▸ Source material
.....
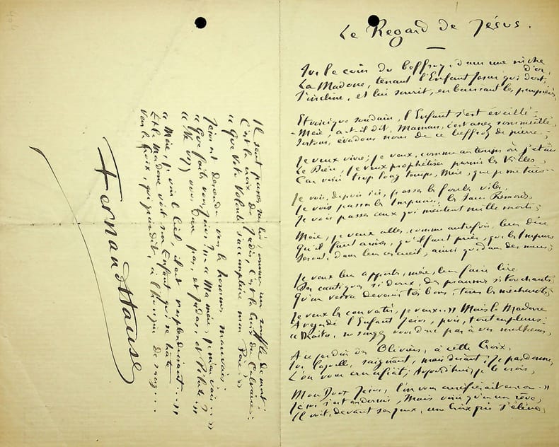 Fernand Hauser (1869-1941), poète, journaliste. Poème autographe signé, sd [1894], 36 vers. Long poème titré « Le Regard de Jésus », formé de 12 tercets. Il ne semble pas avoir été publié mais a été lu lors d'une soirée littéraire de La Plume le 1er décembre 1894. Cachet de la collection Jean-Louis Debauve. Deux petits trous de classement (une lettre partiellement coupée). Belle copie, rare. [20]
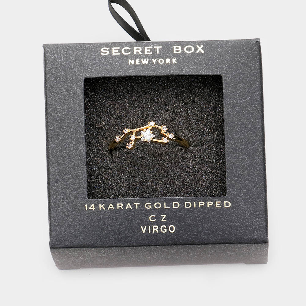 SECRET BOX _ 14K GOLD DIPPED CZ ZODIAC SIGN VIRGO RING
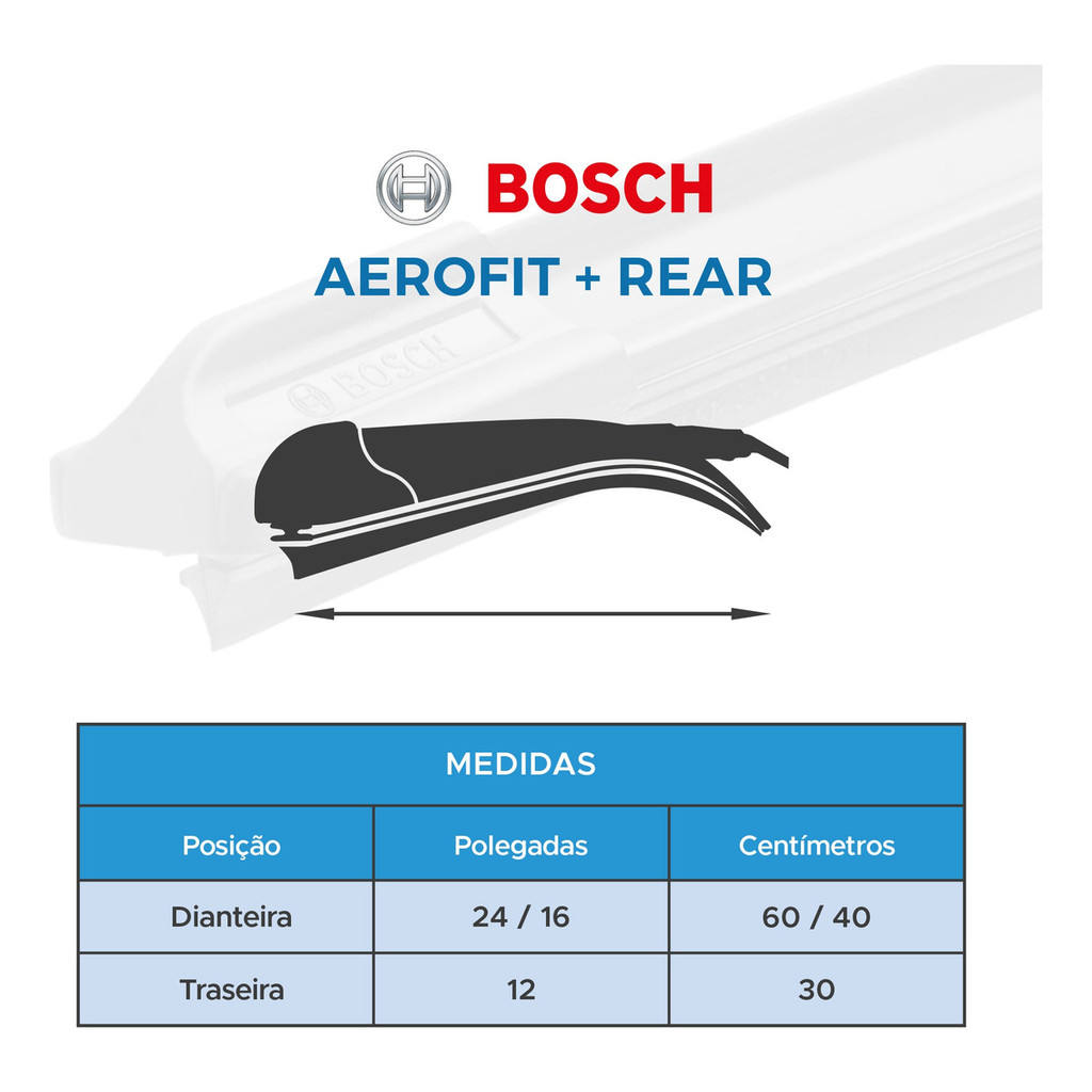 Kit 3 Palhetas Dianteiras Aerofit + Traseira REAR Original Bosch Chevrolet Captiva 2007 A 2017
.....
▸ Your goal
Drop the pictures, then write out only the lines running from the one containing "SECRET BOX _" through the last line above, both included, exactly.

▸ Answer box
 SECRET BOX _ 14K GOLD DIPPED CZ ZODIAC SIGN VIRGO RING
 Kit 3 Palhetas Dianteiras Aerofit + Traseira REAR Original Bosch Chevrolet Captiva 2007 A 2017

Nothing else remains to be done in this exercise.